The curious tendencies of the mind that drive this natural storymaking process, and which we tend to regard as shortcomings, turn out to be the artistic tools of the imagination. And the creative unconscious used these tools to create these great stories. This vital information was being programmed into them bit by bit with each of these changes. The tellers of stories were only having fun, but, in fact, they were helping to create and then pass this information along. And this is where these old great stories get their power. These little bits of hidden truth have real power and charisma.
Myths are stories that have evolved to such an extent that the truth they contain has become so charismatic and obvious that religions are formed around them. All of the great religions have mythological stories as their justification and the source of their truth.
There is no better example of this than Moses and Jesus.
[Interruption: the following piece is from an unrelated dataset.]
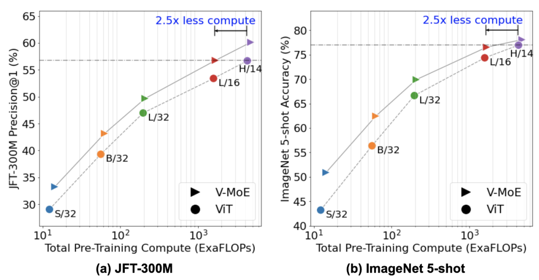 对于这两种情况,谷歌大脑发现,在给定训练计算量时,稀疏模型显著优于密集模型或者更快地实现相似性能。为了探索视觉模型的极限,
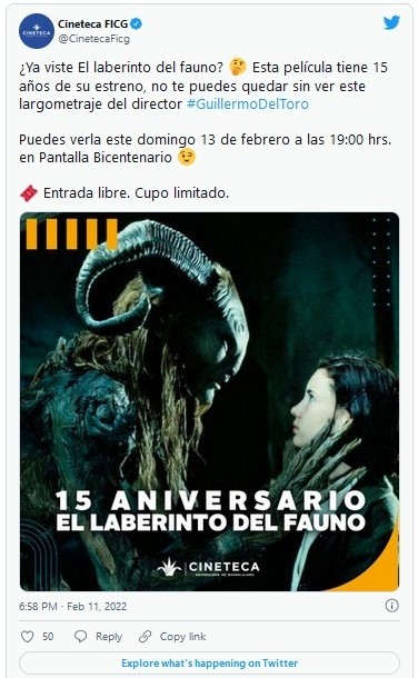 La Cineteca FICG ha decidido dedicar parte de su programación a la filmografía del cineasta tapatío Guillermo del Toro, y además de tener en su cartelera en sala la más reciente película “El callejón de las almas perdidas” (Nightmare Alley), nominada en diversas categorías al Oscar 2022, también se proyectarán otras destacadas historias dirigidas por Del Toro.El pasado 6 de febrero, la Cineteca FICG proyectó gratuitamente “Blade II” en la Pantalla Bicentenario, y este fin de semana se suman dos filmes más de Del Toro con “Hellboy”, que será proyectada hoy a las 19:00 horas, en tanto que mañana –domingo 13 de febrero- será “El Laberinto del Fauno” la trama que se comparta gratuitamente al público, que podrá acceder libremente a la explanada de la cineteca, aunque se anuncia que hay cupo limitado por medidas COVID.La Cineteca FICG ha anunciado a estas proyecciones como parte del “Ciclo Guillermo del Toro”, para que los fans puedan recordar parte de la filmografía del cineasta tapatío que ha cosechado importantes galardones de los Globos de Oro y el Oscar por películas como “La Forma del Agua”.En el caso de “El Laberinto del Fauno”, la Cineteca recordó que el este filme -protagonizado por Ivana Baquero, Maribel Verdú, Sergi López y Doug Jones- cumple 15 años de haber llegado a la pantalla y lograr seis nominaciones al Premio Oscar, de las cuales ganó en las ternas de mejor fotografía, mejor dirección artística y mejor maquillaje, en la ceremonia de la Academia de 2007, entre otros reconocimientos que se le hicieron en los premios Goya y los BAFTA.La proyección gratuita de “El Laberinto del Fauno” será este domingo 13 de febrero a las 19:00 horas en la Pantalla Bicentenario. Ingreso libre y con cupo limitado. Consulta más información en Facebook.com/CinetecaFICG/, en donde también se estarán anunciado más filmes para el “Ciclo Guillermo del Toro”.JM

Again, no historical record, but most people believe, or are willing to concede, that a real historical Moses and Jesus did in fact exist. After six hundred years in the oral tradition Moses was turning staffs into serpents and performed any number of other miracles for the edification of the Pharaoh including the parting of the Red Sea. And after only forty to eighty years in the oral tradition, Jesus had become the result of a virgin birth, performed countless miracles, and rose from the dead. There’s no way to calculate what effect a factual record of the real events surrounding these important figures might be having on our lives, but it’s safe to say there have been very few things in life that have had a greater effect on the world than the miraculous stories that evolved from those real events.
It is, in fact, the function of religion to utilize the truth revealed in these great stories to help guide their charges back to their original nature. Religion, when it is not corrupt, is a conscious, organized effort to get people to go back up this path and they get their marching orders from stories. Instead of calling it individuation (Jung’s term for the full realization of the self) or reaching your full potential, they call it recovering your lost innocence or reunion with God.
It may also be worth noting here that when the real incidents that were worth repeating entered the oral tradition and evolved into myths and legends, they became not less true, but more true, because now they contained some powerful bits of the hidden truth. The real incidents as they evolve become less reflective of the outer circumstances and more reflective of the hidden, inner reality. I leave it to the individual to decide which they think is more important.